У меня есть единственный критерий: не лги. С обманом, сознательным искажением фактов я готов безжалостно бороться. Для всего же остального существуют специалисты, которые должны оценить художественные достоинства программы, соответствие отснятого техническим характеристикам и так далее. Определять же политический вектор передачи – не наша задача. Мы в это не лезем и впредь не собираемся этого делать. Я и Борису Ельцину сказал о неприемлемости политцензурирования, когда у нас зашел первый разговор о моем приходе в “Останкино”.

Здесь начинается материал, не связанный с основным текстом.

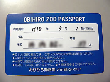 | 専用用紙に記入してパスポートを発行してもらいます。 | これで1年間動物園に公園に行く気分でいつでも入れます。 900円は安い。通常の二回分で1年間OK。 |
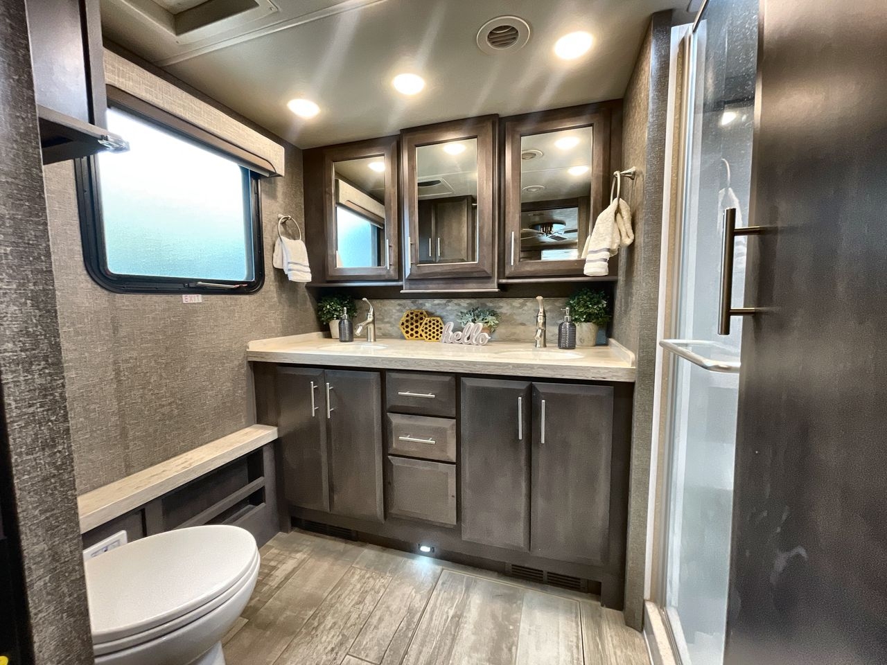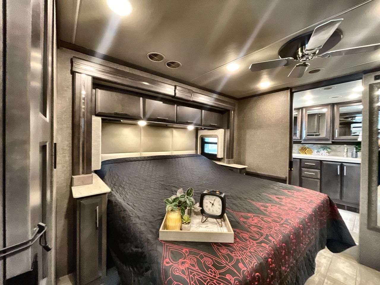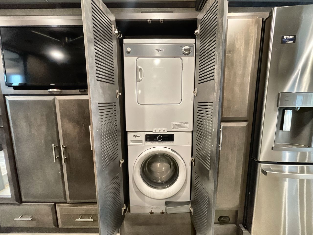- Additional Amenities: Stackable washer and dryer, rear roof access, user-friendly infotainment system, comfy captain chairs, rear cameras, and porcelain tile flooring.

– А как, кстати, разговор зашел-то?

– Дело было, помню, в субботу. Все проистекало очень просто. Мне домой позвонил президент и попросил возглавить “Останкино”.

– Именно попросил?

– Да. Борис Николаевич меня знает, поэтому понимал, что приказами в этой ситуации ничего не добиться.

– И вы сразу согласились?

– Нет, я очень сильно заколебался. Борис Николаевич стал убеждать: соглашайтесь на столько времени, на сколько сможете или пока вам будет это интересно – на год, на два, на три. И все-таки я ничего конкретного Ельцину не ответил, сказал, что надо встретиться, поговорить.

Действительно, на следующей неделе президент принял меня в Кремле, и мы обсудили первое, второе, третье, четвертое.

– Что было первым, а что четвертым?

– Вы думаете, будто я помню? Меня порой упрекают за то, что не веду дневник, не делаю записей. Правильно ругают. На память полагаться до бесконечности нельзя.

– Неужели разговор, от которого зависел ваш выбор, не зафиксировался в голове? Наверняка вы оговаривали свой приход какими-то условиями.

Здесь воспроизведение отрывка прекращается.